Their July Housing Credit Availability Index revealed:
“Significant space remains to safely expand the credit box. If the current default risk was doubled across all channels, risk would still be well within the pre-crisis standard of 12.5 percent from 2001 to 2003 for the whole mortgage market.”
3. FORECLOSURE RATES
A major cause of the housing crash last decade was the number of foreclosures that hit the market. They not only increased the supply of homes for sale but were also being sold at 20-50% discounts. Foreclosures helped drive down all home values.
Today, foreclosure numbers are lower than they were before the housing boom. Here are the number of consumers with new foreclosures according to the Federal Reserve’s most recent Household Debt and Credit Report:
- 2003: 203,320 (earliest reported numbers)
- 2009: 566,180 (at the valley of the crash)
- Today: 76,480
Foreclosures today are less than 40% of what they were in 2003.
4. HOUSING AFFORDABILITY
Contrary to many headlines, home affordability is better now than it was prior to the last housing boom. In the same article referenced in #1, CoreLogic revealed that in the vast majority of markets, “the inflation-adjusted, principal-and-interest mortgage payments that homebuyers have committed to this year remain much lower than their pre-crisis peaks.”
They went on to explain:
“The main reason the typical mortgage payment remains well below record levels in most of the country is that the average mortgage rate back in June 2006, when the U.S. typical mortgage payment peaked, was about 6.7 percent, compared with an average mortgage rate of about 4.4 percent in March 2018.”
The “price” of a home may be higher, but the “cost” is still below historic norms.
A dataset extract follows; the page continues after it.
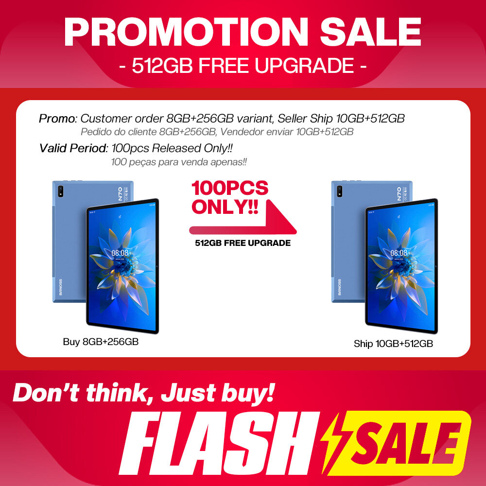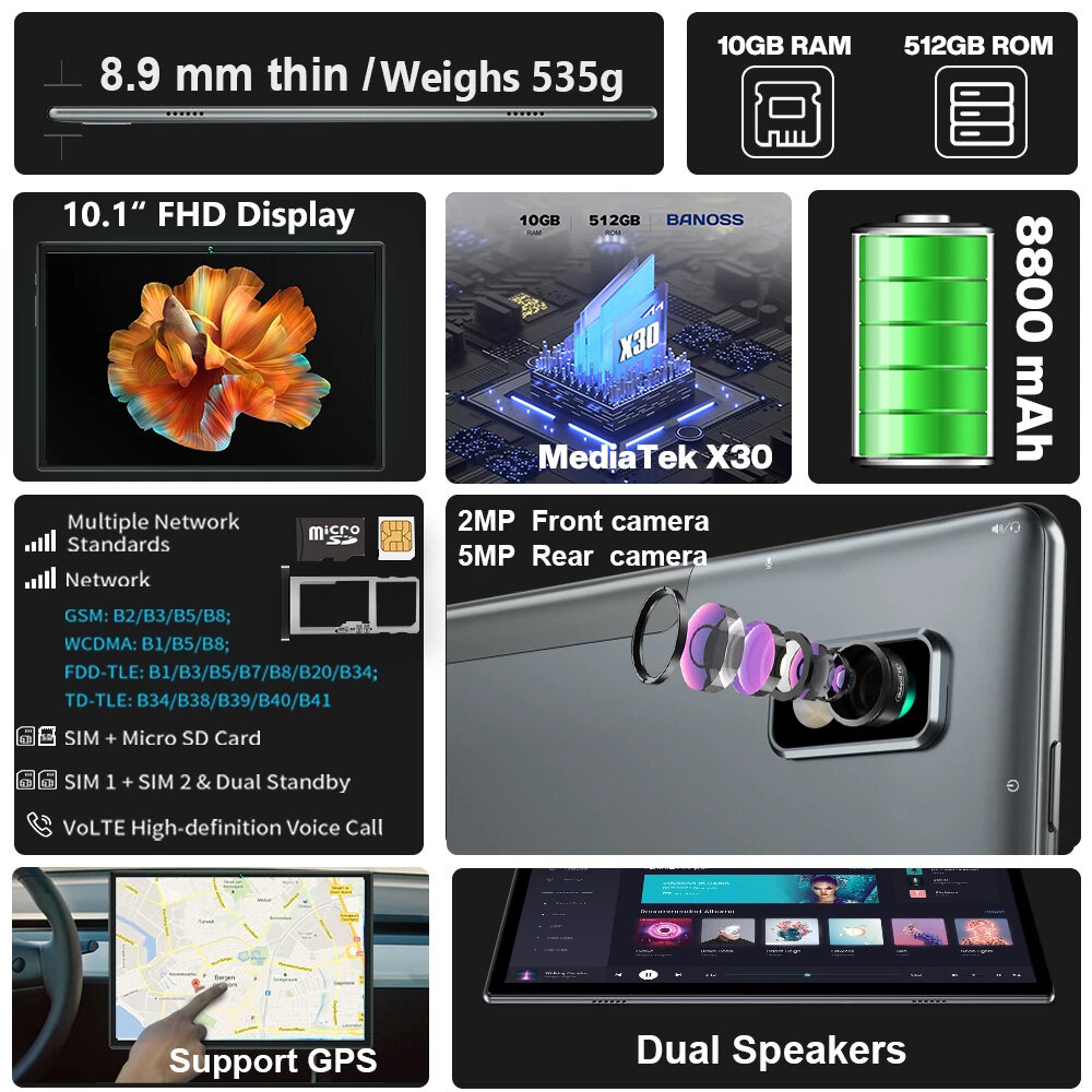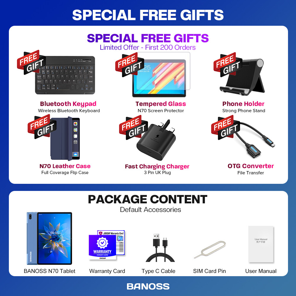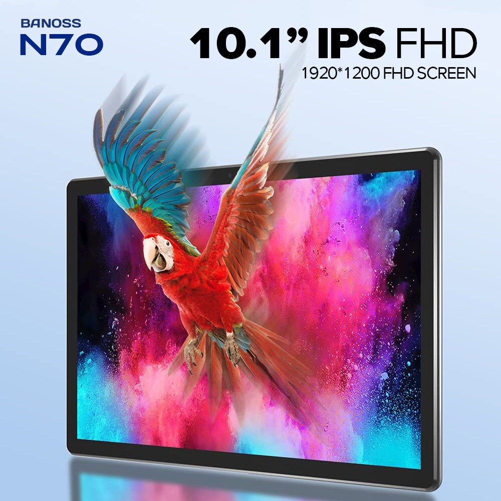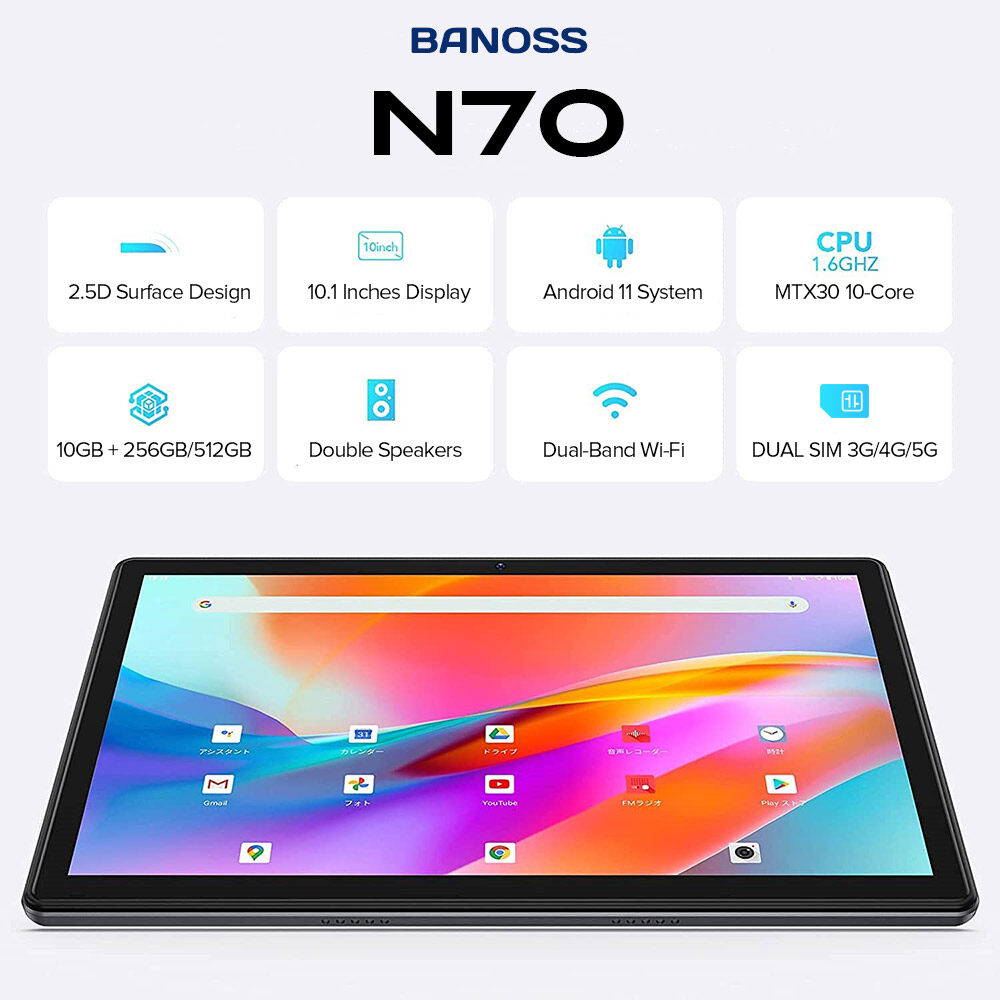 BRAND PROMOTION: 【Buy 256GB Ship 512GB】- Customer just need to order 8GB+256GB variant, then seller will auto ship 10GB+512GB without paying price difference. Limited Quantity Offer 100pcs for sales ONLY!!! WARRANTY: 【1 Year International Warranty】- Comes with BANOSS Official warranty card. We support 1 year free item warranty, in case the item getting any issue without non-aritificial damages, we can repair and even give 1to1 exchange new item. PRODUCT FEATURE: 【SUPERIOR WATCHING EXPERIENCE】BANOSS N70 Tablet is powered by 10-Core Processor. 2022 upgraded Android 11 tablet provides + 40% faster processing speed than regular Quad-Core. 10.1-inch Tablet screen size with 1920x1200 resolution support, perfect for home entertainment and office. DUAL-BAND WI-FI】The 2022 BANOSS N70 Built-in Dual-band wifi module, Support 2.4/5Ghz wifi, the faster wifi you get, the more stable wifi for your smoother watching movie experience. 【DUAL-SIM】The 2022 BANOSS N70 Tablet support dual SIM feature, support 3G/4G/5G netowrk, and also support phone call feature. All-in-One Tablet that make your life experience be more easier and convenient. 【BIGGER THAN BIGGER】The tablet has 8GB RAM, 256GB/512GB internal storage. The GMS Certified latest Android Tablet, with basic Google apps already on and without bloatware. Get rid of unexpected ads and download apps from Google Play, such as SKYGO, NetFlix, YouTube and more. 【LONG LASTING BATTERY】Equipped with a long-lasting and environmentally compliant 8800 mAh battery, this 10-inch tablet will effortlessly provide you with up to 8 hours of support for reading, browsing, watching movies and playing games. The long-lasting battery life and lightweight design allow you to enjoy your tablet anywhere, anytime. 【DUAL CAMERAS AND SPEAKERS】With front 5 MP & Rear 13 MP dual cameras, which would bring your excellent photos and clear video chats. Dual speakers are designed to provide high-quality and powerful sound for your favorite music, games and videos. SPECIFICATIONS: Model: BANOSS N70 (2022) CPU: X30 10-Core System: Android 11 (System Upgradable) Screen Size: 10.1 Inches IPS Screen Screen Resolution: 1920 * 1200 WiFi: Dual Band 2.4G/5Ghz WiFi Bluetooth: BT 4.0 Battery: 8800mAh Li-on Battery Camera: Front 5MP + Rear 13MP Speaker: Dual Stereo Speaker RAM: 6GB/8GB/10GB ROM: 128GB/256GB/512GB Cellular: 3G/4G/5G DUAL SIM Charging Port: Type C WHAT'S IN THE BOX: 1 * Tablet PC 1 * User Manual 1 * Type C Cable 1 * SIM Card Pin 1 * Official Warranty Card SPECIAL FREE FITS: 1 * Leather Flip Case (Limited Gifts) 1 * Bluetooth Keyboard (Limited Gifts) 1 * Tempered Glass Screen Protector (Limited Gifts) 1 * OTG Converter (Limited Gifts)

After using these four key housing metrics to compare today to last decade, we can see that the current market is not anything like that bubble market
Some experts are calling for a slowdown in the economy later this year and most economists have predicted that the next recession could only be eighteen months away. The question is, what impact will a recession have on the housing market?
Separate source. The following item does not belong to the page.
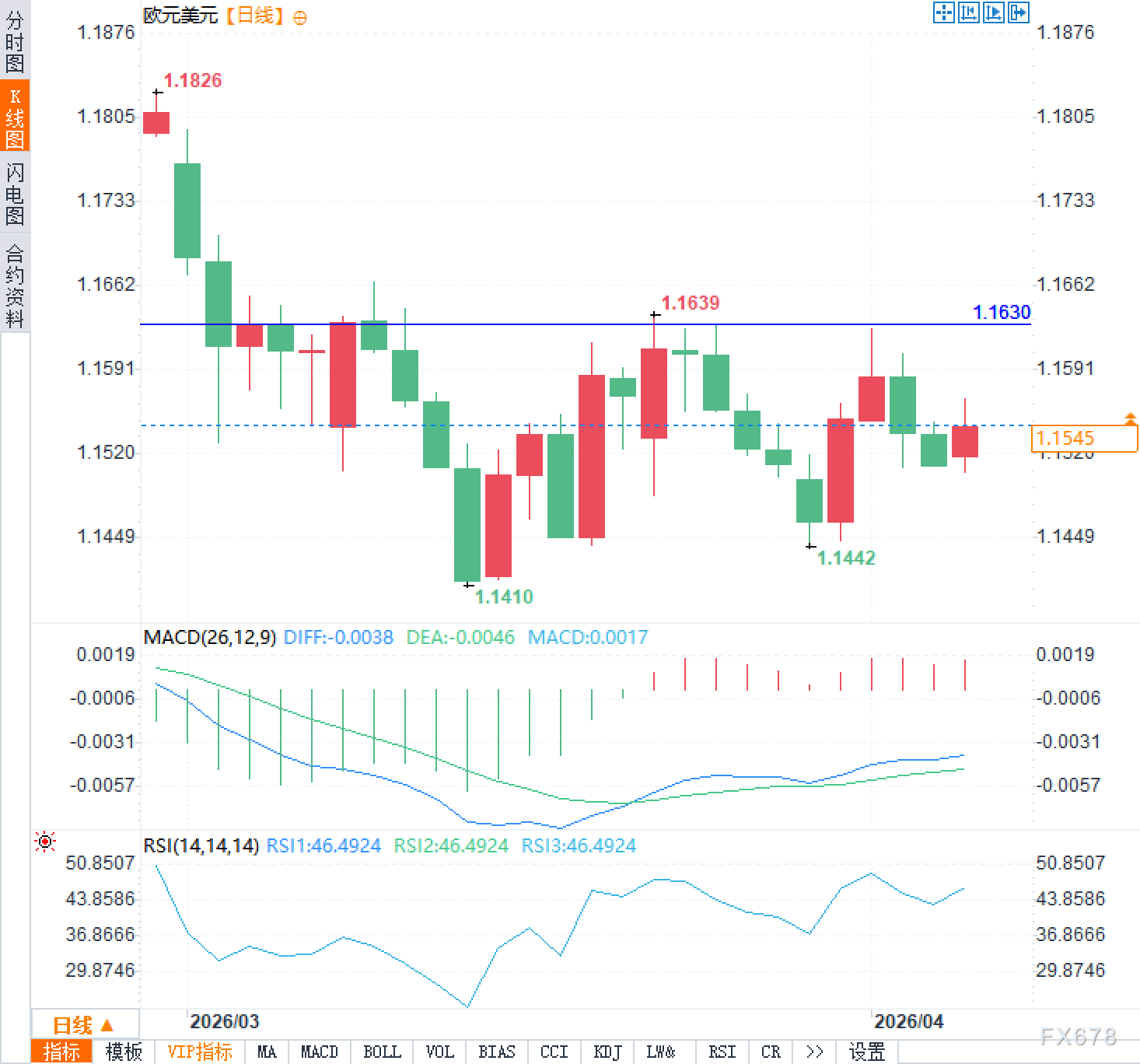 欧元兑美元目前仍受困于1.1505至1.1570的窄幅区间,布林带收窄显示波动率处于低位。RSI指标在中性区域徘徊,缺乏明确超买或超卖信号。MACD柱状线虽小幅正向,但动能不足以推动突破。若停火谈判取得实质进展,该区间上沿1.1570有望成为短期测试目标;反之,若特朗普表态进一步加剧紧张,1.1505支撑位将再次面临考验。整体而言,技术面暂无趋势性信号,区间交易逻辑主导,直至地缘或宏观数据带来明确催化剂。

Here are the opinions of several experts on the subject:
Ivy Zelman in her latest “Z Report”:
“While economic activity appears to have accelerated so far in 2018, some prominent economic forecasters have become more cautious about growth prospects for 2019 and 2020…
All told, while solid long-term demographic underpinnings support our positive fundamental outlook for housing, in the event micro-economic headwinds surface, we would expect housing transaction volumes and home prices to weather the storm.”
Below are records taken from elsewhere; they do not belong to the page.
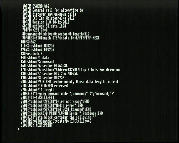 This is the routine I used to cycle through all the possible op codes and pass them to the LV-ROM player via OSWORD &62, the general SCSI call provided by VFS.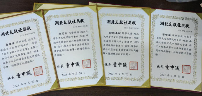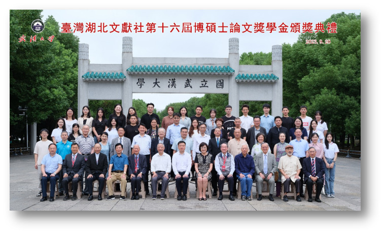 2023年9月20日上午,台湾湖北文献社第十六届博硕士论文奖学金颁奖典礼在武汉大学历史学院隆重举行。《湖北文献》社社长童中仪女士、社务委员杨敦和先生、太平洋基金会执行长刘瑞生先生等作为嘉宾出席。来自武汉大学、华中师范大学、中南财经政法大学、太阳集团古天乐、武汉科技大学、江汉大学等高校的教师和获奖学生近40人参加了会议。我院博士生乔秉睿,硕士研究生徐思成、欧阳美键、张晓樊的论文荣获佳绩。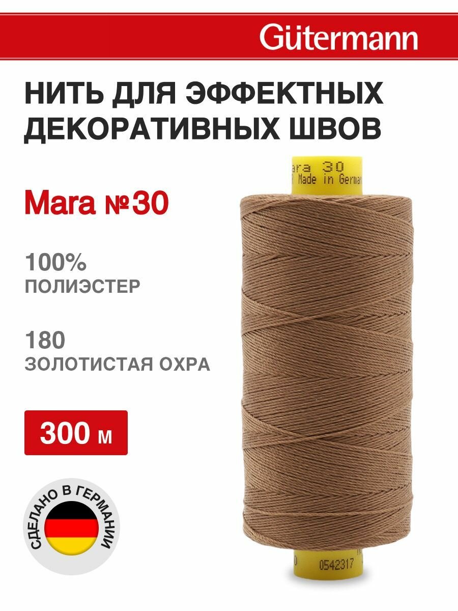 Купить Нитки швейные Mara 30, 10шт*300м, для отстрочки, Gutermann (180 золотистая охра) с доставкой по всей России.
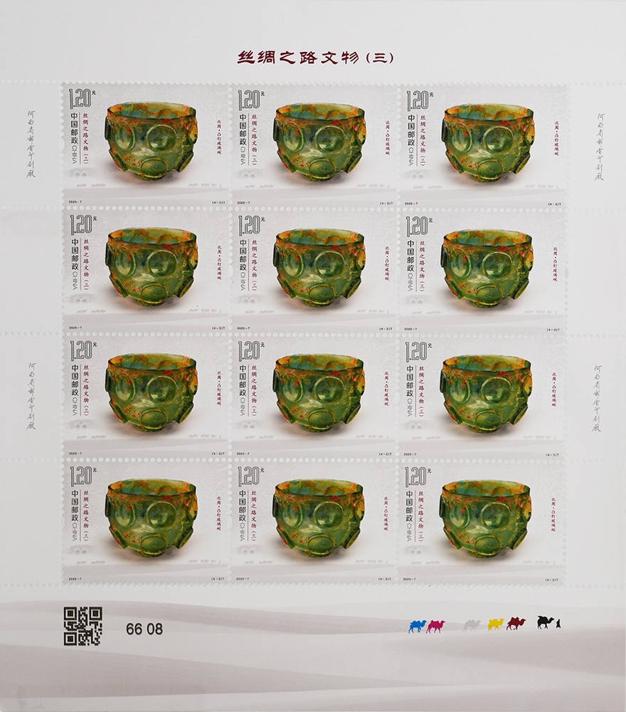中國郵政定于2025年5月18日發行《絲綢之路文物(三)》特種郵票1套4枚,郵票圖案名稱為:漢·“五星出東方利中國”錦護膊、南北朝·神人紋銀盤、北周·凸釘玻璃碗、唐·胡人牽駝載絲壁畫。全套郵票面值4.80元,計劃發行數量590萬套。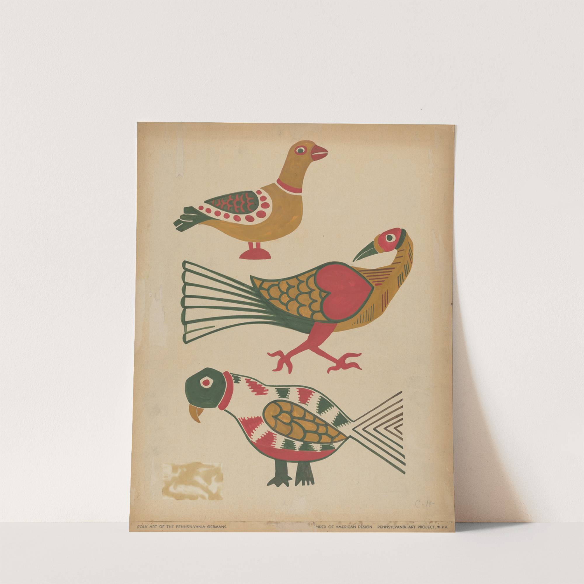 This art print features three vibrantly colored birds rendered in a bold, graphic style reminiscent of mid-20th-century folk art. The upper bird, with a golden-brown body and a striking red chest, is adorned with black and pink accents along its...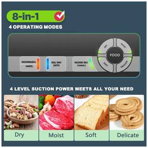 MANTENHA OS ALIMENTOS FRESCOS As seladoras a vácuo POTANE VS2690 usam fios de aquecimento de e motor sem escova. Enquanto outras barginbrands usam fios de aquecimento de e motor barato. 8 em 1 pré ajustes fáceis e sistema de controle inteligente 4 modos de operação e quatro modos de vedação a vácuo. Pode sentir e aspirar com precisão de acordo com o tipo de alimentos. DESIGN SUPERIOR INCLINADO O design superior inclinado evita que o suco seja extraído durante a aspiração de alimentos como carne. Também garante que os sacos de selagem a vácuo sejam totalmente utilizados. ETL UL TESTADO E CERTIFICADO O selador a vácuo POTANE é ETL e UL certificado pelo Nationally Recognized Test Laboratories NRTLs para conformidade com os padrões de segurança de produto aplicáveis, SEGURANÇA É NOSSA PRIORIDADE NÚMERO 1 Marca: Não Informado

Aaron Terrazas, Zillow’s Senior Economist:
“While much remains unknown about the precise path of the U.S. economy in the years ahead, another housing market crisis is unlikely to be a central protagonist in the next nationwide downturn.”
Mark Fleming, First American’s Chief Economist:
“If a recession is to occur, it is unlikely to be caused by housing-related activity, and therefore the housing sector should be one of the leading sources to come out of the recession.”
Mark J. Hulbert, Financial Analyst and Journalist:
“Real estate may be one of your best investments during the next bear market for stocks. And by real estate, I mean your home or other residential properties.”
U.S. News and World Report:
“Fortunately – and hopefully – the history of recessions and current issues that could harm the economy don’t lead many to believe the housing market crash will repeat itself in an upcoming decline.”